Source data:
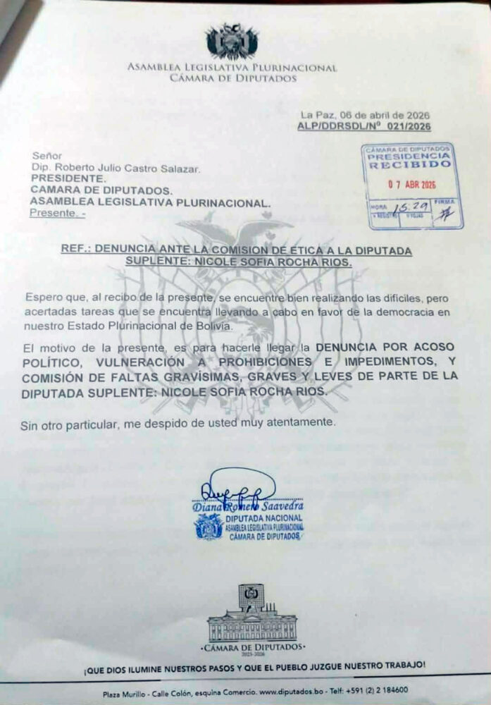 “Personalmente no conozco a la Diputada Suplente Nicole Sofía Rocha Rojas, pero recibo de parte de ella constantes amenazas de hacerme quitar el curul, espacio político que me fue dado por la voluntad del pueblo cruceño con resultados de las elecciones democráticas del 17 de agosto de 2025, no entiendo su accionar en contra mía”, dice el memorial.
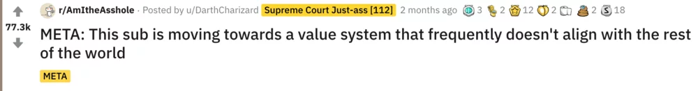 The subreddit's currently most upvoted thread is a META post created by the highly decorated member u/DarthCharizard. This post shows all the indexes of a veteran being in charge, as it received some of the most valuable rewards on Reddit alongside all four community-specific awards. Moreover, u/DarthCharizard, who maintains a prestigious position in the group's hierarchy as "Supreme Court Just-ass", is marking a climax in the debate of the preceding months. As stated in his or her post, the group's members seem to have contrasting beliefs or values to most people in society. While u/DarthCharizard does not provide an explanation for his/her observation, many users seem to agree. Some suspect that peer pressure has a significant influence on voting decisions, while others assume that younger audiences with questionable beliefs are behind the supposed shift in values.
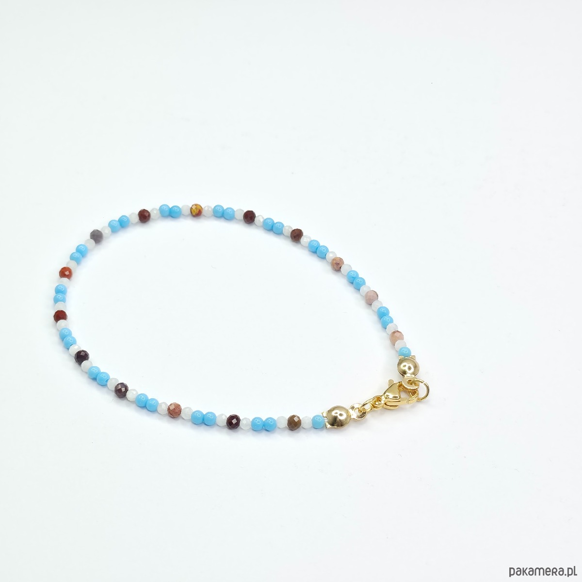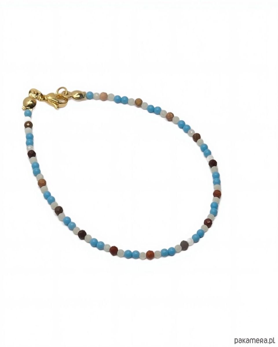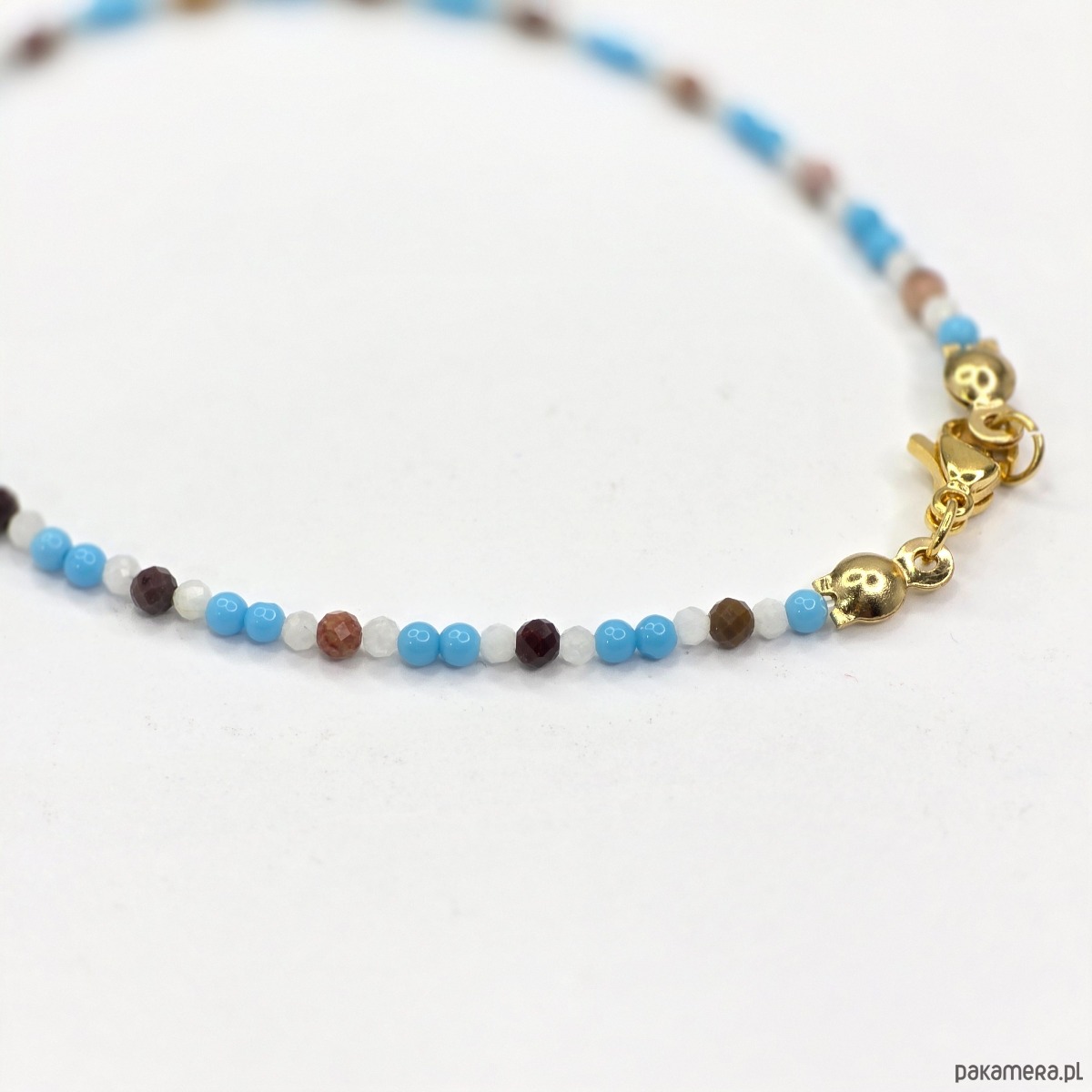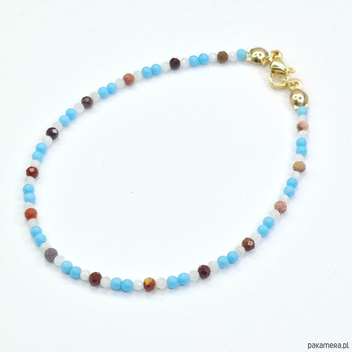 • Materiały: Magnezyt, Jaspis Mokait, Kamień księżycowy, pozłacana stal chirurgiczna, żyłka wędkarska Fluorocarbon.
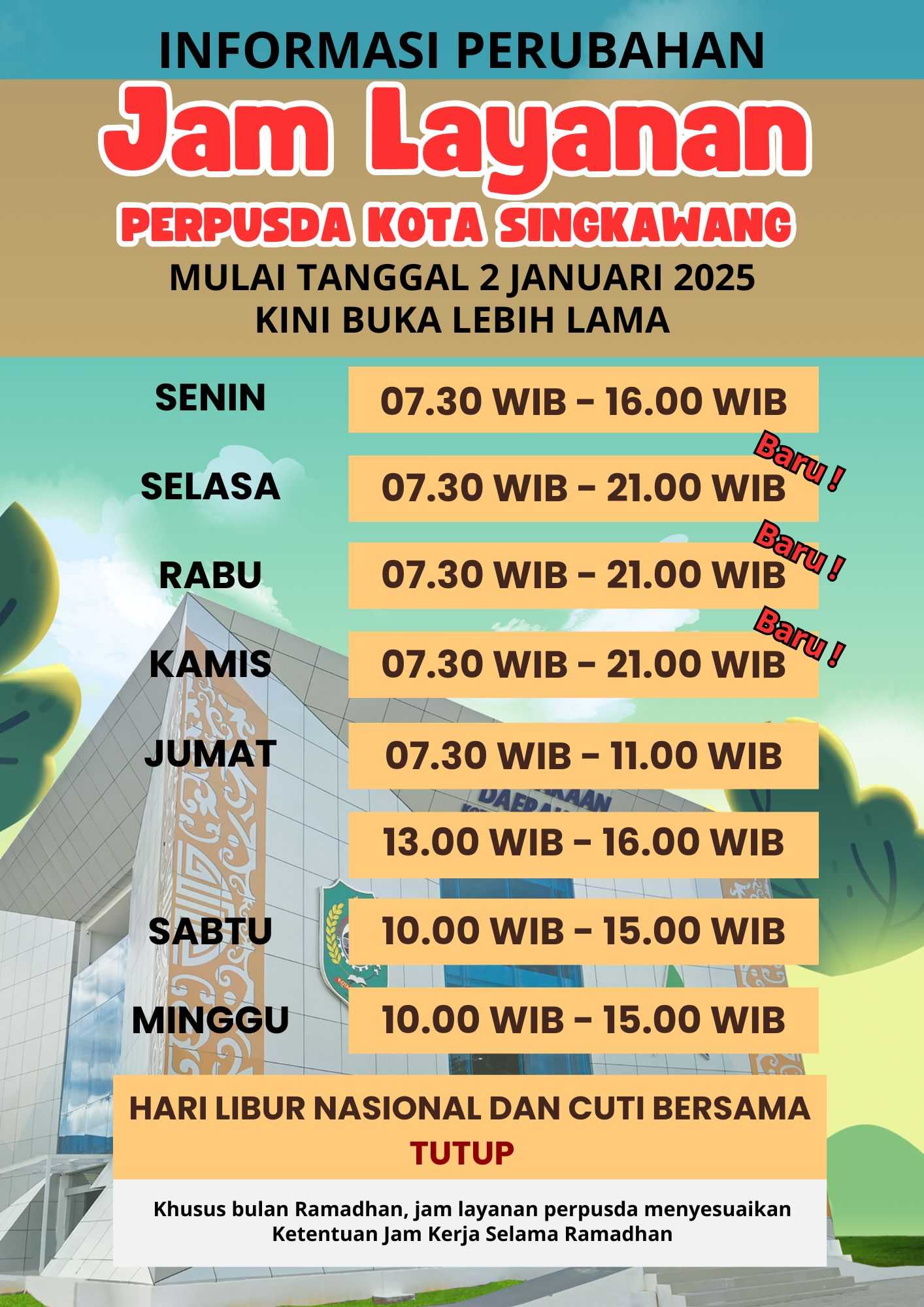 Dinas Perpustakaan dan Kearsipan kota singkawang berupaya semaksimal mungkin menyediakan pelayanan Prima dan tidak dipungut biaya
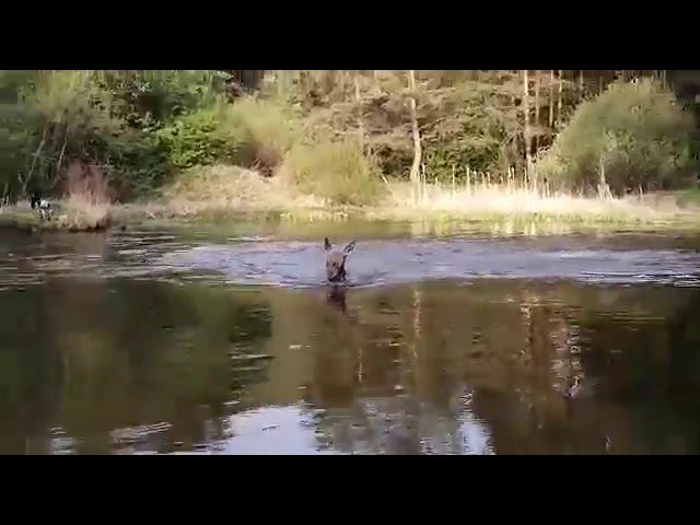 На Урале наступили жаркие дни. Лось купается в реке Пышме рядом с туристами. Автор видео - Никита Савельев.
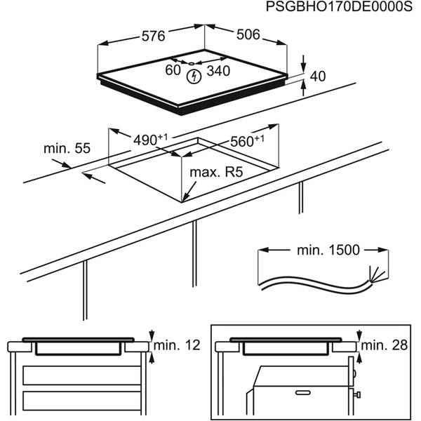 4 ZONAS VETROCERÂMICA – LARGURA: 60CM – 6,5kW – VIDRO PRETO C/ ARO INOX

**What you will do**
Type the entries again verbatim. Any pictures should be skipped.

**Exercise response**
 “Personalmente no conozco a la Diputada Suplente Nicole Sofía Rocha Rojas, pero recibo de parte de ella constantes amenazas de hacerme quitar el curul, espacio político que me fue dado por la voluntad del pueblo cruceño con resultados de las elecciones democráticas del 17 de agosto de 2025, no entiendo su accionar en contra mía”, dice el memorial.
 The subreddit's currently most upvoted thread is a META post created by the highly decorated member u/DarthCharizard. This post shows all the indexes of a veteran being in charge, as it received some of the most valuable rewards on Reddit alongside all four community-specific awards. Moreover, u/DarthCharizard, who maintains a prestigious position in the group's hierarchy as "Supreme Court Just-ass", is marking a climax in the debate of the preceding months. As stated in his or her post, the group's members seem to have contrasting beliefs or values to most people in society. While u/DarthCharizard does not provide an explanation for his/her observation, many users seem to agree. Some suspect that peer pressure has a significant influence on voting decisions, while others assume that younger audiences with questionable beliefs are behind the supposed shift in values.
 • Materiały: Magnezyt, Jaspis Mokait, Kamień księżycowy, pozłacana stal chirurgiczna, żyłka wędkarska Fluorocarbon.
 Dinas Perpustakaan dan Kearsipan kota singkawang berupaya semaksimal mungkin menyediakan pelayanan Prima dan tidak dipungut biaya
 На Урале наступили жаркие дни. Лось купается в реке Пышме рядом с туристами. Автор видео - Никита Савельев.
 4 ZONAS VETROCERÂMICA – LARGURA: 60CM – 6,5kW – VIDRO PRETO C/ ARO INOX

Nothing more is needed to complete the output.